A throwaway local database (SQLite — WASM)
Pick SQLite — WASM to create a database for testing in seconds:
- Give it a name (e.g.
scratch— the.dbis added for you). - Click Create.
- Write
CREATE TABLE …,INSERT …,SELECT …and run.
It's stored locally in the app, persists between sessions, and a Delete button (with a confirmation) clears it when you're done. On the desktop app or with an EServer you can instead pick SQLite — file, choose a folder with the native picker, and get a real .db file on disk you can hand to other tools.
The database editor
Press Edit DB (the table icon in the node header) to open a full database editor in a split pane:
- Browse tables — pick a table and page through its rows.
- Edit data — change cell values inline.
- Schema — view and adjust table definitions.
- SQL console — run ad-hoc queries against the same connection.
- Export — pull the data out.
It works against whichever backend the node is configured for, so you can inspect and shape your data without leaving Circuitry.
Credentials
You supply credentials two ways:
- Inline / environment variables — type them into the node, or reference your Circuitry environment variables so secrets stay out of the workflow. For example set the connection string to
{{env.DATABASE_URL}}, or the Supabase key to{{env.SUPABASE_ANON_KEY}}. These resolve when the workflow runs. - Saved connection — store a named, encrypted connection once (Postgres / MySQL / Supabase) and pick it by name. The secret is encrypted and kept on the EServer; the workflow only references the connection, never the password. (Saved connections need the desktop app or a connected EServer.)

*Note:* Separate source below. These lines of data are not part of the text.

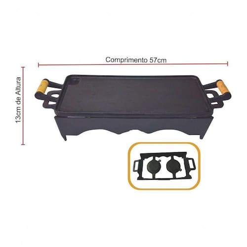 Rechaud/Bifeteira confeccionado em ferro fundido de alta qualidade, com 2 chamas, medidas 25x45cm e 13cm de altura. Os produtos de ferro fundido tem como principal característica passar um pouco do ferro para os alimentos, garantindo sua necessidade do mineral para ter uma vida mais saudável. Os utensílios fabricados em ferro fundido além da praticidade, também apresentam boa durabilidade, preço baixo e, segundo especialistas, seu uso regular pode reduzir o risco de anemia e deficiência de ferro.
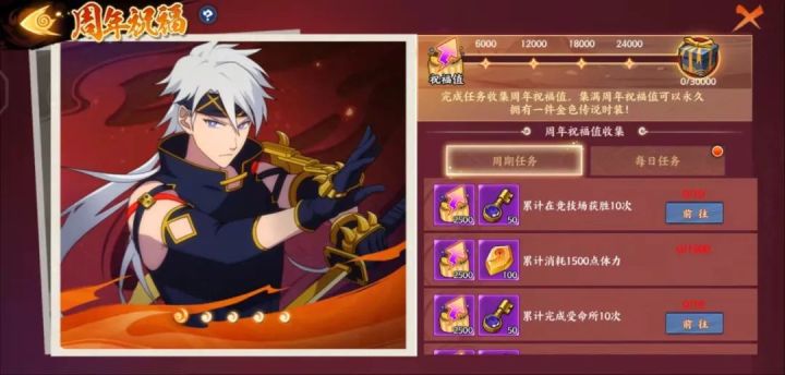 本周,三周年活动持续开放忍者学员们记得前来获取福利同时,新时装也跟大家见面了通过参与三周年活动可获取永久时装!更有流浪商人、忍者商店等活动期待学员们的参与具体内容随龙龙一起来看看吧(前瞻信息非最终游戏内容,一切以正式服更新为准)更新内容新增内容>>>三周年活动福利活动五:周年祝福⭐开启时间:11月19日5点至11月26日5点⭐参与等级:主角等级达到30级⭐完成活动任务积
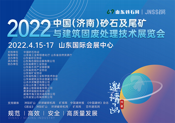 2022年中国(济南)砂石/尾矿与建筑固废处理技术展览会(简称:2022济南砂石展)将于2022年4月15-17日,在山东国际会展中心举办。本届展会由中国砂石协会支持,山东省砂石协会主办,多家省级行业协会协办共同参与,展示行业新技术,共谋未来发展新趋势;此次展会,我们将线上、线下渠道强势推广,打造砂石骨料及矿山和建筑固废处置装备采购一站式平台,为行业企业提供一个集技术设备展示、宣传、推广及采购的全新合作机会。
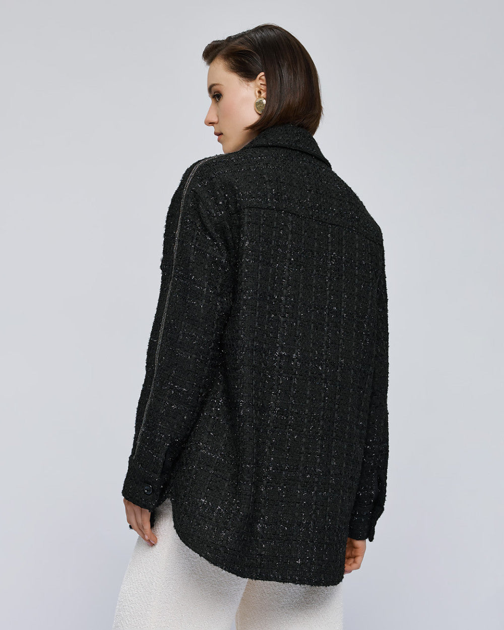 Buttoned Collared Tweed Lurex Long Jacket with rhinestone trim sleeve details, front flap pockets and long sleeve with buttoned cuff details
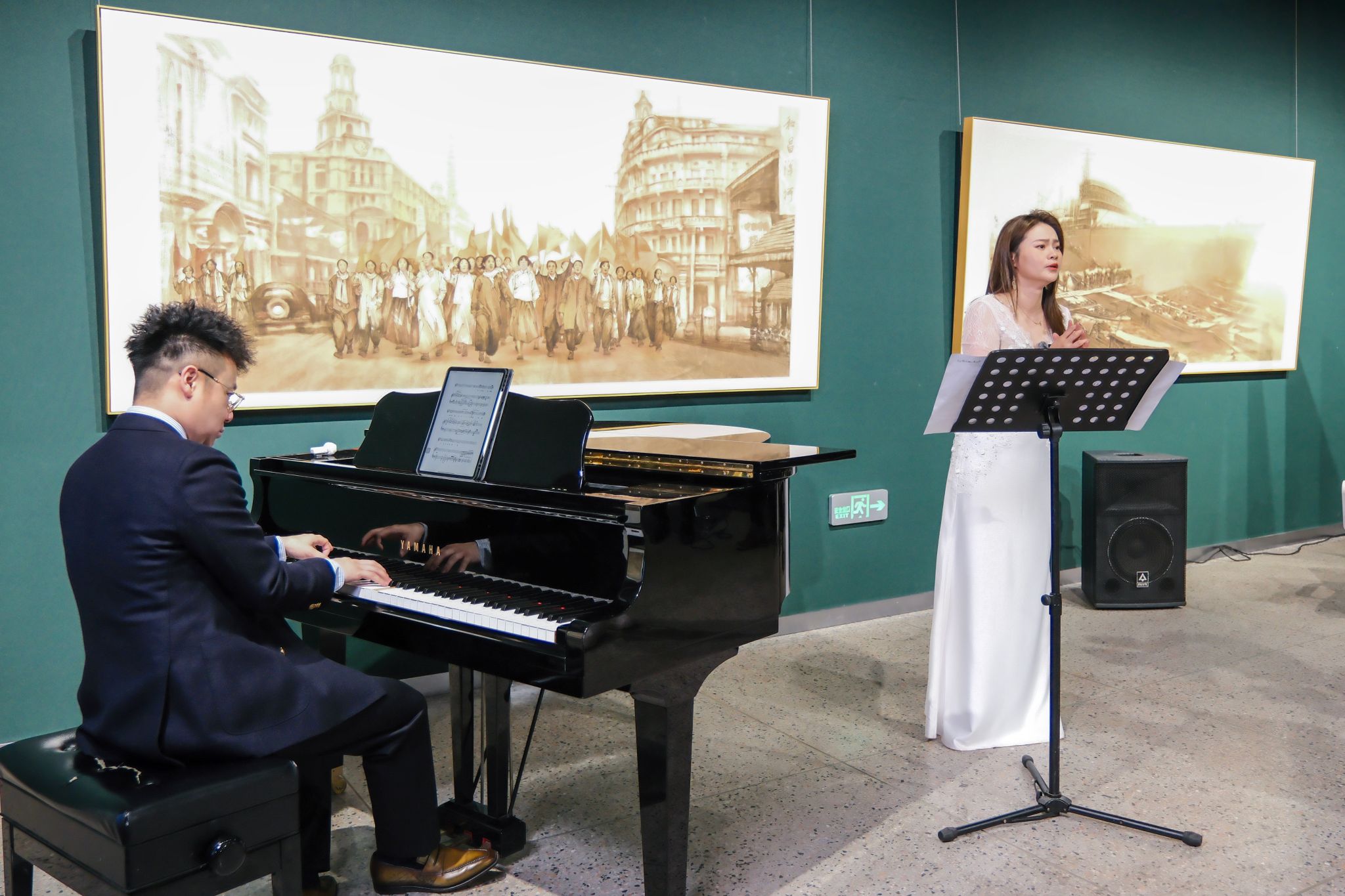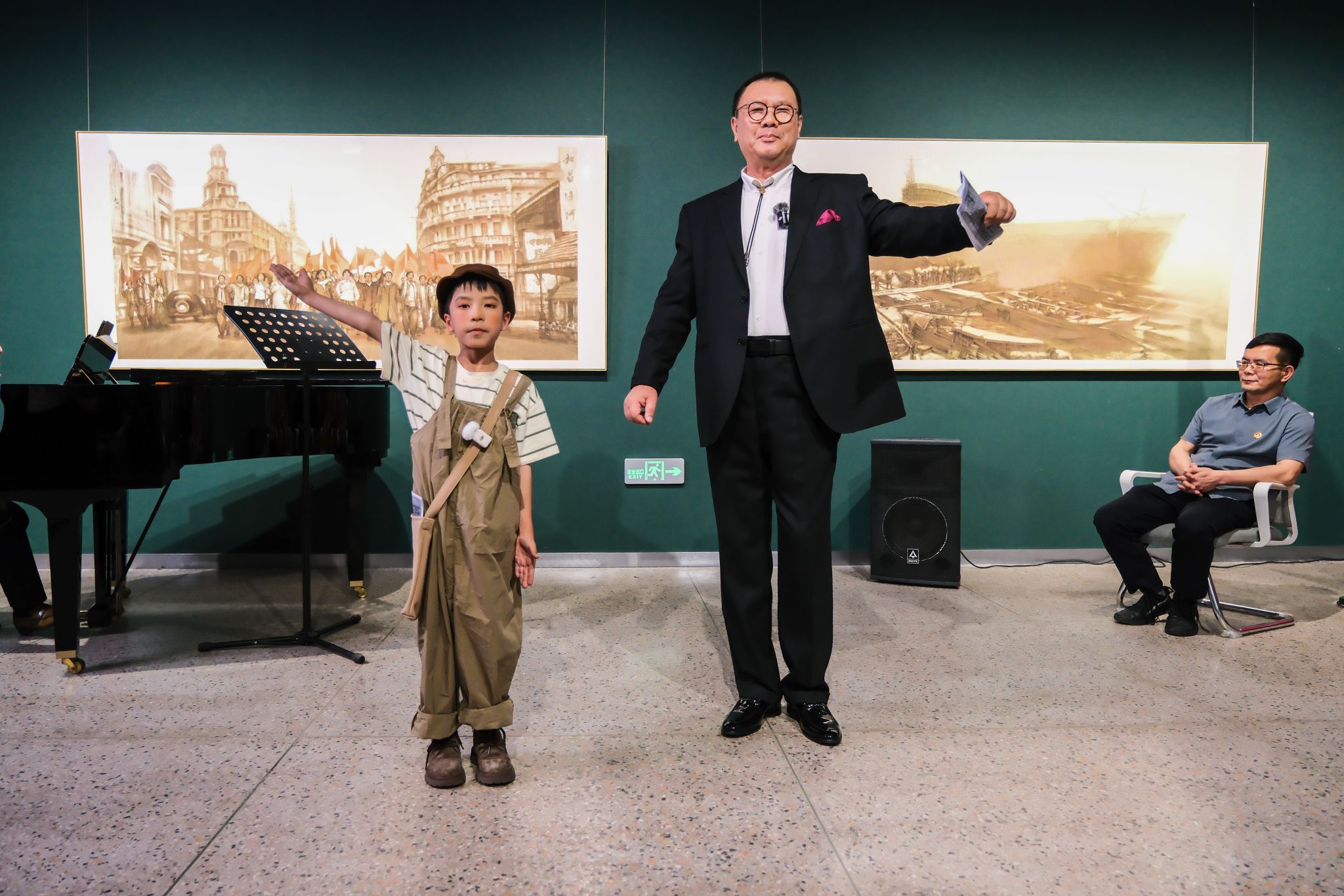 以画为窗,艺术使命赓续红色基因。学校银龄教师——中国音乐学院马金泉教授现场倾情演唱《大路歌》《码头工人歌》等作品,用浑厚男中音再现聂耳音乐的磅礴力量;马金泉教授和玉溪市第一小学王一雯同学共同演绎《卖报歌》,以艺术使命赓续红色基因,彰显艺术代际传承。

Using your data — template variables
Both the query and its parameters understand template variables, so you can pull values from the connected upstream node:
{{input.value.fieldName}}— a field from the previous node's output{{__iteration.item.fieldName}}— the current row when running inside a Loop{{env.NAME}}— one of your environment variables
Put values in parameters, not glued into the SQL text — that keeps queries safe from injection. Write placeholders in the SQL ($1 for Postgres / Supabase, ? for MySQL / SQLite) and list the templated values as parameters:
INSERT INTO orders (name, total) VALUES ($1, $2)
with parameters ["{{input.value.name}}", "{{input.value.total}}"].
The SQL wizard
Press the ✨ button in the node header to open the SQL wizard. Describe what you want in plain English — "save the connected rows to the orders table" or "get the 10 most recent users" — and it writes a dialect-correct, parameterized query for you. It reads the shape of the data connected upstream (a Sheet, a Text node, a collection) and, when it can reach your database, the real table columns, so the generated SQL matches your schema.
Writes and safety
When a query changes data (INSERT / UPDATE / DELETE / DROP / …), the node asks you to confirm before running it. You can:
- Bypass write confirmation with a toggle in the config panel (per node), and
- writes run automatically in headless contexts (webhooks, scheduled runs) — there's no one to ask.
Tips
- Query results flow on as rows. Wire the node into a Loop to process them one by one, or into a Sheet / Report to display or summarise them.
- For a quick experiment, SQLite — WASM + the SQL wizard gets you from idea to working query in seconds.
- Keep secrets in environment variables (
{{env.…}}) or saved connections rather than typing them into a workflow you might share.